BRACIOLETTINE DI POLLO
For four
(Rolled Stuffed Chicken Pieces in Northeastern United States; In Italy, these rolled, stuffed pieces of meat in Italy are called Involuntati)
Stuff the chicken legs:
Four chicken legs, skin on, boned and flattened by butcher, additionally flattened at home if necessary.
Put a slice of mortadella on each piece, cutting off any mortadella that overhangs the chicken.

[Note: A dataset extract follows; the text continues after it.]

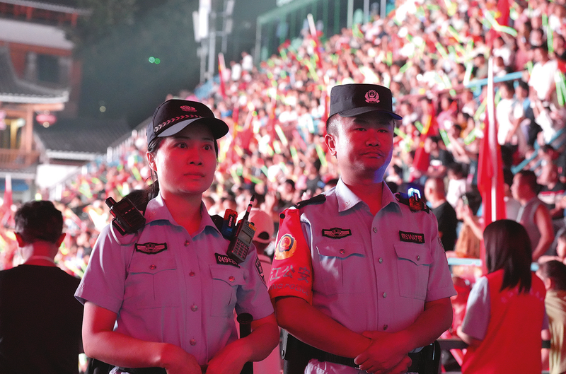 10月12日,大地流彩·2025年全国和美乡村篮球大赛“村BA”总决赛在台江县台盘村激情开赛。台江县公安民辅警与台江交警协同作战,他们在入口引导观众扫码,细致开展现场安检,防止危险物品入场;赛场周边,巡逻警力来回穿梭,及时处置突发状况。多警种全力守护,为赛事的顺利举办筑牢安全防线。

Sprinkle these ingredients equally over the chicken legs:
4 oz shredded mozzarella
½ cup panko bread crumbs
½ cup freshly-grated Romano cheese and
¾ cup of fresh basil and/or parsley
Plus:
Drip ½ t Garlic Oil dripped on each and
To taste, sprinkle freshly ground black pepper, nutmeg, and a bit of salt
Cut 3 (16”) lengths of kitchen string for each chicken leg.
Fold chicken pieces (stuffed but still lying flat) over themselves and securely, not tautly, tie each with 2 or
3 lengths of the string.
Brush the chickens, top and bottom, with this marinade:
4TB melted butter mixed with ½ t each of:
onion and garlic powders, salt and freshly-ground pepper, and nutmeg
Set the chicken pieces on a rack in a roasting pan and slow-roast for ninety-minutes.
Add olive oil as needed to use the roasting pan or a skillet to hot-saute each side of the chicken for seven minutes until they get a delicious brown color.
Remove the chicken to a serving platter.
Use the tasty skillet to make a mushroom sauce.
If more fat is needed, add butter.
Add the 1lb mushrooms, cut into bite-sized pieces, to the hot fat, sprinkle the mushrooms with 1 ½ T of flour and, to taste, add salt and freshly-ground pepper.
Cook until mushrooms are browned.
Add these:
½ cup fresh basil and/or parsley
1 Madeira or Marsala Wine
1 cup chicken stock, our own!
Bring the pan to a boil and reduce the pan to 1 cup of gravy.
Pour the mushrooms and sauce over the chicken in the serving dish and garnish with basil and/Italian parsley.